Regular expression thinking
origin
There is no doubt that the processing of the string is one of our programming most often. At the same time, the string may also be one of the most difficult issues we have encountered. For a simple example, a text I have processed last week: 02 student list. The text is TXT format, each tuple, and each component is strictly separated by blank. I want to turn it into database information for query, because I haven't used any conversion tool, I can only achieve itself - replace each pilot into a SQL insert statement and complete (an old bird: I am not Say ~).

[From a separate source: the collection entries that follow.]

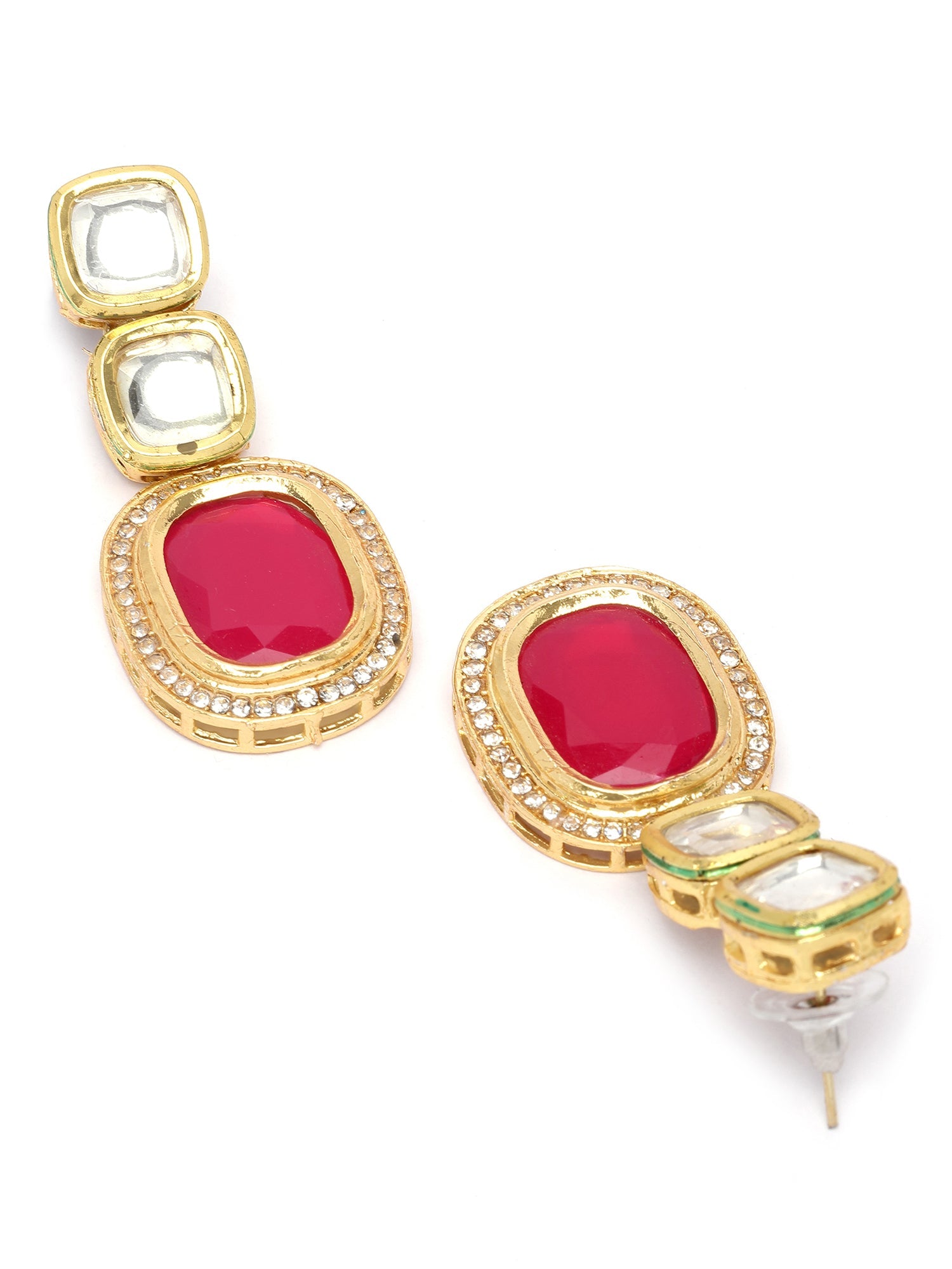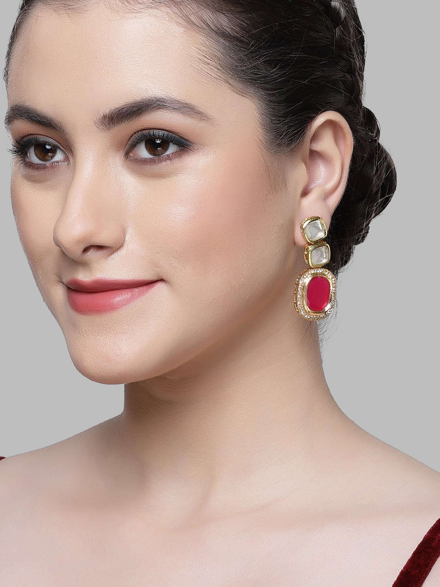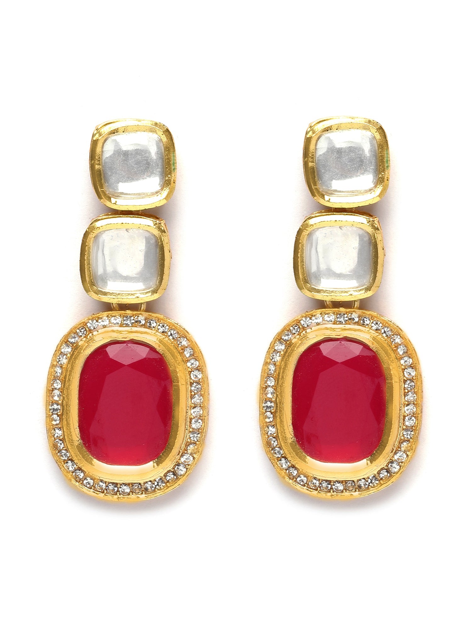 - Karatcart Gold Red Polki Kundan Drop Earring for Women. Our products are designed with high-quality material and these products are enhanced with plating that are skin-friendly & with love to reach your heart.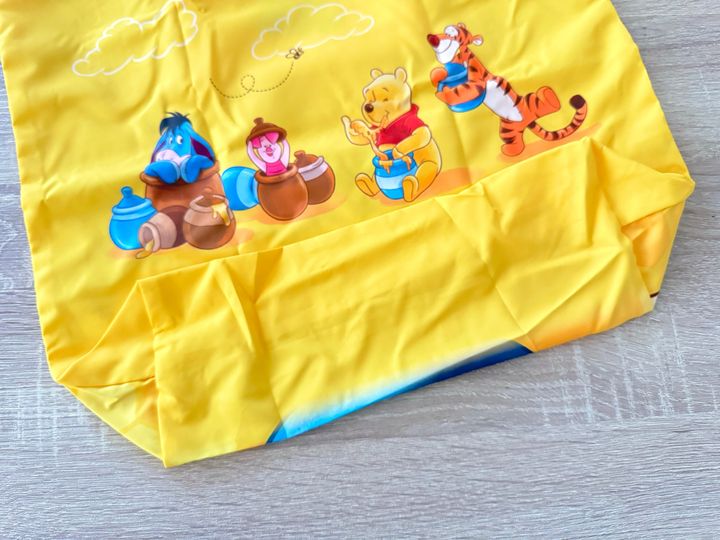 「プーさん」とお揃いのイエローカラーをベースに、表にははちみつポットを持った「プーさん」、裏には「イーヨー」「ピグレット」「ティガー」たちも描かれた今回だけの特別なデザイン🍯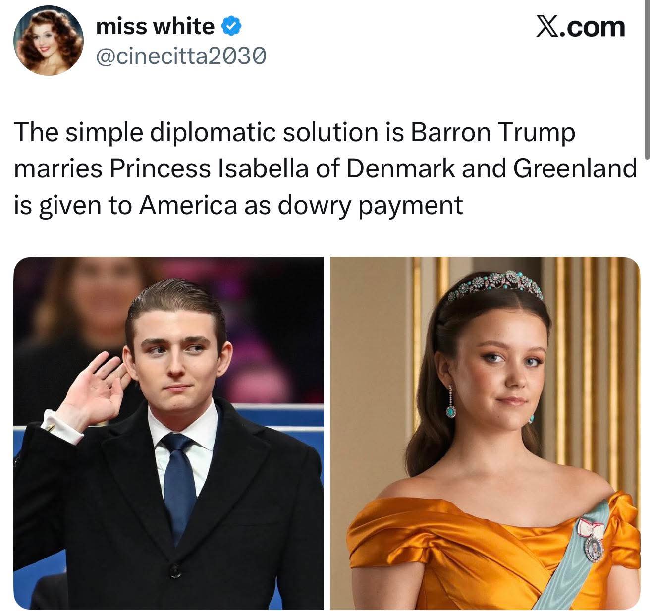 >>525721820All Trumpsama needs is for Barron to marry Danish princess waifu and he would have legal claim :'3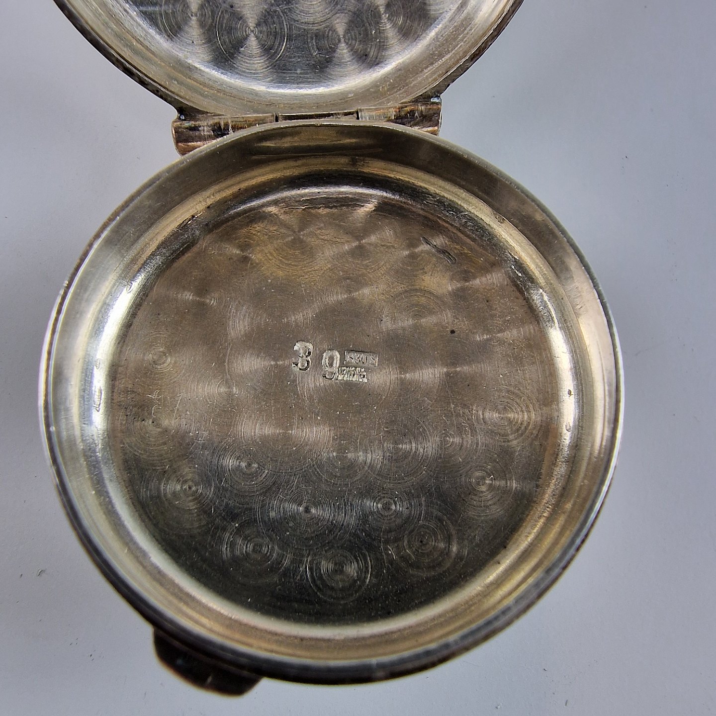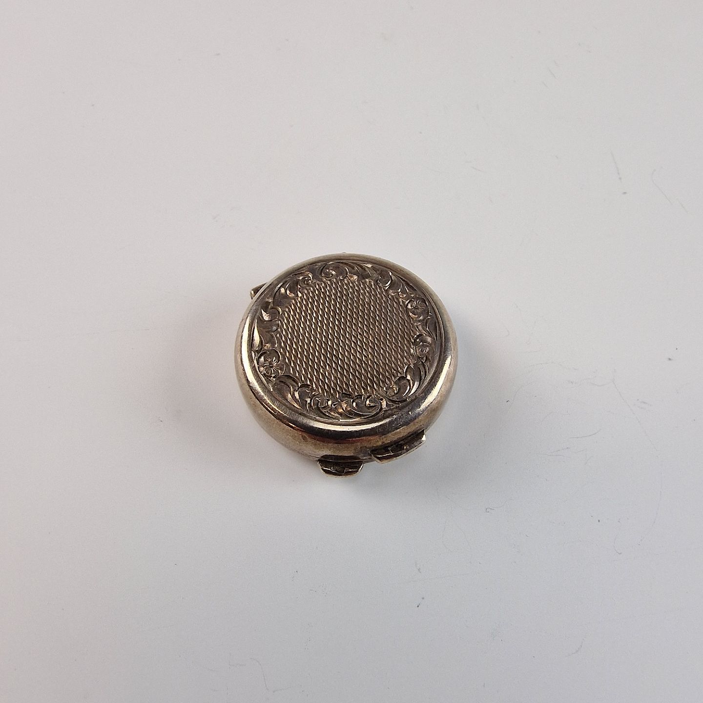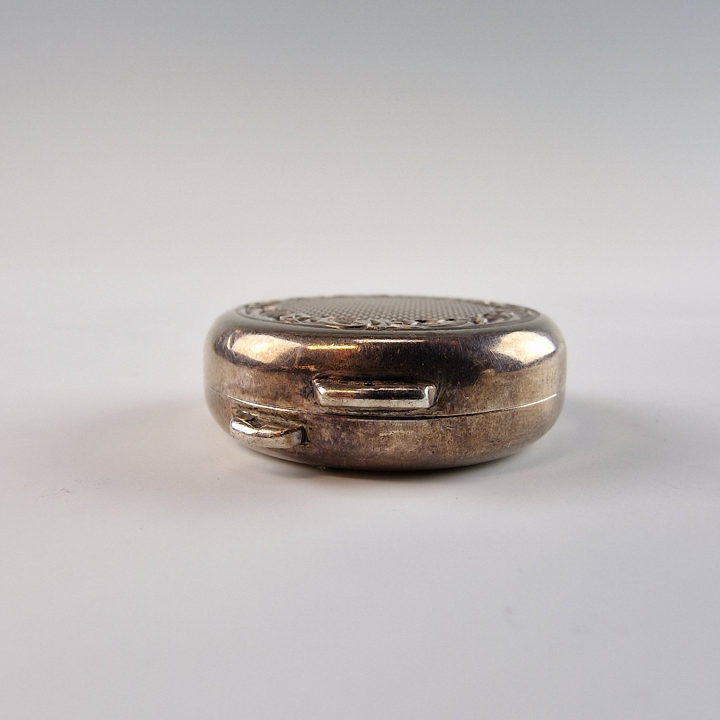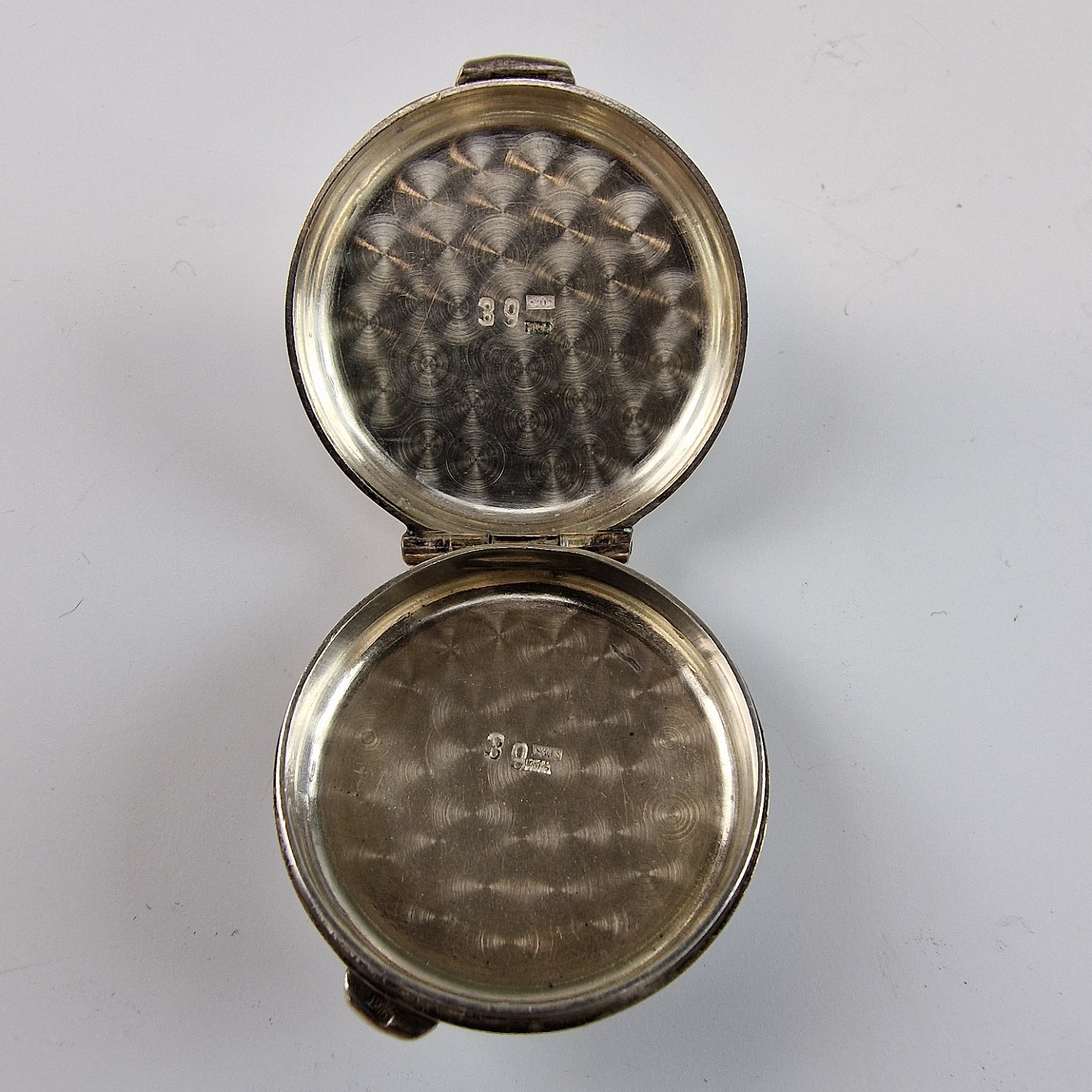 Rund pilleæske af sølv med forskellige mønstre på låget. Tallet 39 er stemplet i lågetStemplet 830s

It seems a simple task, and it is achieved with a C standard stream. However, in the process of implementation, I found several questions: 1) The information such as the "political look" and "family call" and the "family call" may have a vacancy; 2) There may be blank characters in a single component, such as some two There is a space in the middle of the word student name (Day knows this text is what format file exported ~); 3) Extreme some student information is incomplete, even missing primary keys. These such these simple standard streams are almost impossible.
Regular expression
Nature we think of the regular expression. Regular expressions provide a way to describe string formats. For example, a student number is nine digits, it can be described as [0-9] {9}, or [[: Digit:]] {9}. The latter is a description method of Perl, which guarantees that there is versatility on the machine of different characters. Here we can solve the problem of empty items, such as the home phone can be described as [[: DIGIT:]] {, 12}, indicating that up to 12 digits, more tight methods are: (/ <[0] [[: DIGIT :]] {10, 11})? The first digit is 0, a length 11 or 12 digits, or a null string. For information on regular expressions, you can find it in any book about Linux / UNIX. The following Boost and other tools also have related documents.
Boost :: Regex
Today's C language supports the best expression is the Boost library (it seems to be nonsense). If you don't think about internal implementation, the regular expression of learning to use Boost is Easy ~ Boost's regular expression library is Boost :: Regex (regular expression is regular expression, this is all about it). The header file is
Boost :: Regex defines a STRING class similar to STL, is like:
Namespace boost {
Template Class traits = regex_traits Class allocator = std :: allocator Class Basic_Regex; Typedef Basic_Regex Typedef Basic_Regex } Then we can match it. The syntax is: Template Inline Bool Regex_match (const std :: Basic_string Const Reg_Expression Page, the above is copied in the original file, just use Boost :: Regex_match (strs, e) Where STRS is the source string, E is a regular expression, returns the BOOL value. Of course, it is mainly to take the matching element, and Boost also provides related support, it is a class: Namespace boost { TYPEDEF MATCH_RESULTS TYPEDEF MATCH_RESULTS Typedef match_results TYPEDEF MATCH_RESULTS } In addition, Boost also provides additional operations such as replacement. In short, BOOST provides completely identical, functional operations with Linux / UNIX's regular expressions on C . Recently I heard that several libraries such as Boost's regular expressions have been included in the standard, and it is really the trend of the trend. The above introduction is taken from Boost's own document, interested friends can find themselves. Perl The other two have to be mentioned is the Sed and GREP under Linux / UNIX (may have VI?), They are two editing tools that fully support regular expressions. However, as some popular statements, regular expressions "the most fascinating, most exciting" is in this footnon in Perl. Perl's syntax is simple and easy to learn, and it is because of its feature of its scripting language (or gelatin language), it can be and other systems and languages (except for C Boost, the popular programming language is not so supported regular expression. Let's go ~) Communication. However, talking about Perl, inevitably saying that Python is extremely ... Forget it, this area ... I am also in learning (everyone don't want B4 even), I will not misunderstood. Little Dongdong also wrote so many words, write technical articles for the first time, feel tired, huh, huh. Some reference books are listed below. Welcome any comments and suggestions, please send it to pmfrank@sina.com Linux Programming Collection (Linux Programming Bible John Goerzen Electronic Industry Press Python language programming gold (this is not around ~ Python introductory textbook, super easy to understand) Boost Libraries Manure Book.